Because of that, the researchers argue, foreign tax authorities are unable to adequately tax the small percentage of IP that generates the lion’s share of profit. Thankfully, increased scrutiny from the EU and reputational concerns have recently prompted Uber to move its IP from Bermuda to the Netherlands, where it will be taxed at a higher rate. But many companies still have their IP in low- or no-tax countries.
“Even if tax authorities can get the right valuation on average — which itself is optimistic — it’s not sufficient to stop this kind of tax avoidance,” Sharma says. “Even if you tighten or reform a bit, it’s implausible to think you’d make a significant dent in this.”
In the paper, the authors consider a type of minimum tax imposed by the Trump Administration’s Tax Cuts and Jobs Act of 2017, called global intangible low-taxed income. The measure was intended to de-incentivize companies from moving their IP assets overseas, using a complex formula taxing some of companies’ foreign profits in low-tax countries, ending up somewhere around 10–13%.
While that is still less than the U.S. corporate tax of 21%, Sharma says it could have some impact on holding firms accountable. “Right now, it’s too soon to tell,” Sharma says. “Often firms can find loopholes, though it takes some time for them to figure out which ones are legally sustainable.”
A potentially more promising solution, Sharma says, is the recently proposed Global Minimum Tax, which has been pushed by the Biden administration, to apply a 15% minimum corporate tax on earnings of any company anywhere in the world, no matter where they are located.
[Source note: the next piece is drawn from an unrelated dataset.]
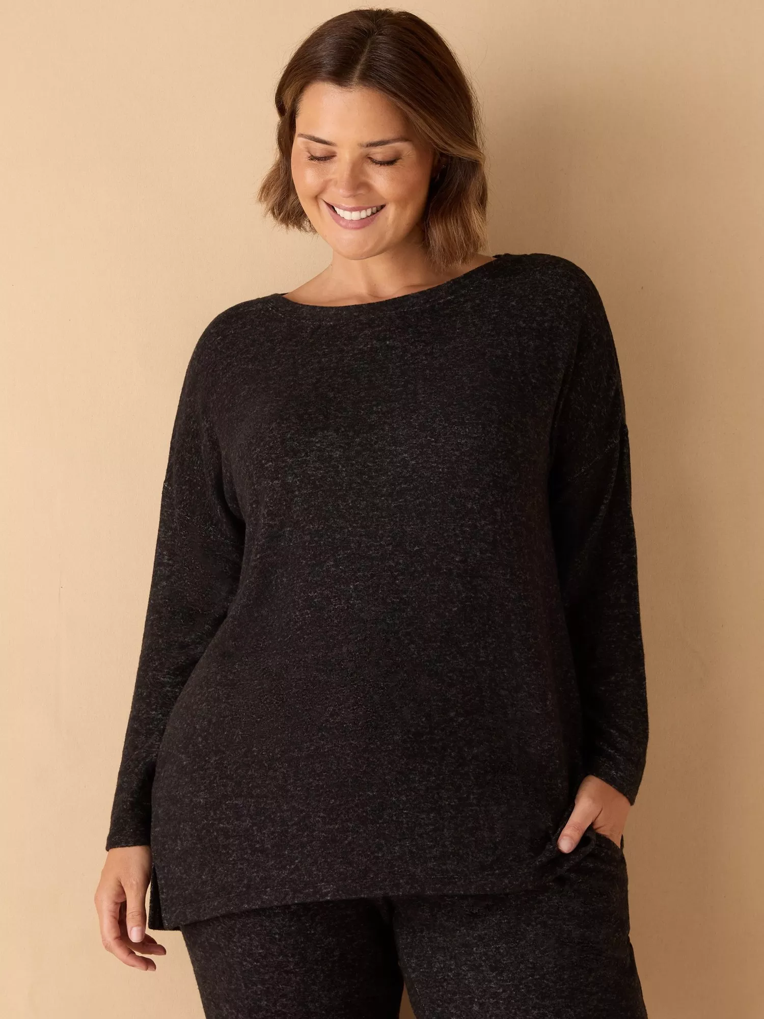 In a classic grey, this Supersoft Round Neck Jumper is the perfect blend of comfort and effortless style. Designed with a flattering crew neckline and relaxed dolman silhouette, it slips on easily for everyday wear. Finished with subtle side splits for added movement, this jumper is ultra-soft and ideal for layering or lounging in cooler weather.

In cases where that percentage is higher than the tax of a particular country, the difference would go to a combination of the headquarters’ country and where sales occurred.
“We would expect this to reduce the incentive to place IP in a tax haven,” Sharma says. “It’s still lower than the corporate tax rate in the U.S. and other large economies, but the gap is much narrower — 0 versus 20% is quite different than 15 versus 21%.”
Ironically, even though the Biden administration pushed the Global Minimum Tax through the Organisation for Economic Co-operation and Development, Congress has yet to approve it for the U.S. Meanwhile, 140 countries have signed on to the agreement, meaning that the U.S. may lose out on potential income from the tax if it does not approve it by the time it goes into effect worldwide.
Sharma hopes that his paper provides additional support for deeper reforms of the international tax system such as the Global Minimum Tax by showing that existing forms of enforcement are wholly inadequate for making corporations pay their fair share of taxes from IP. “Relying on reform of the existing arm’s length system by making things stricter is not likely to address these issues,” he says. Only by countries working together across the world, he says, can companies be held accountable, and the loopholes they might use to deprive taxpayers be stopped.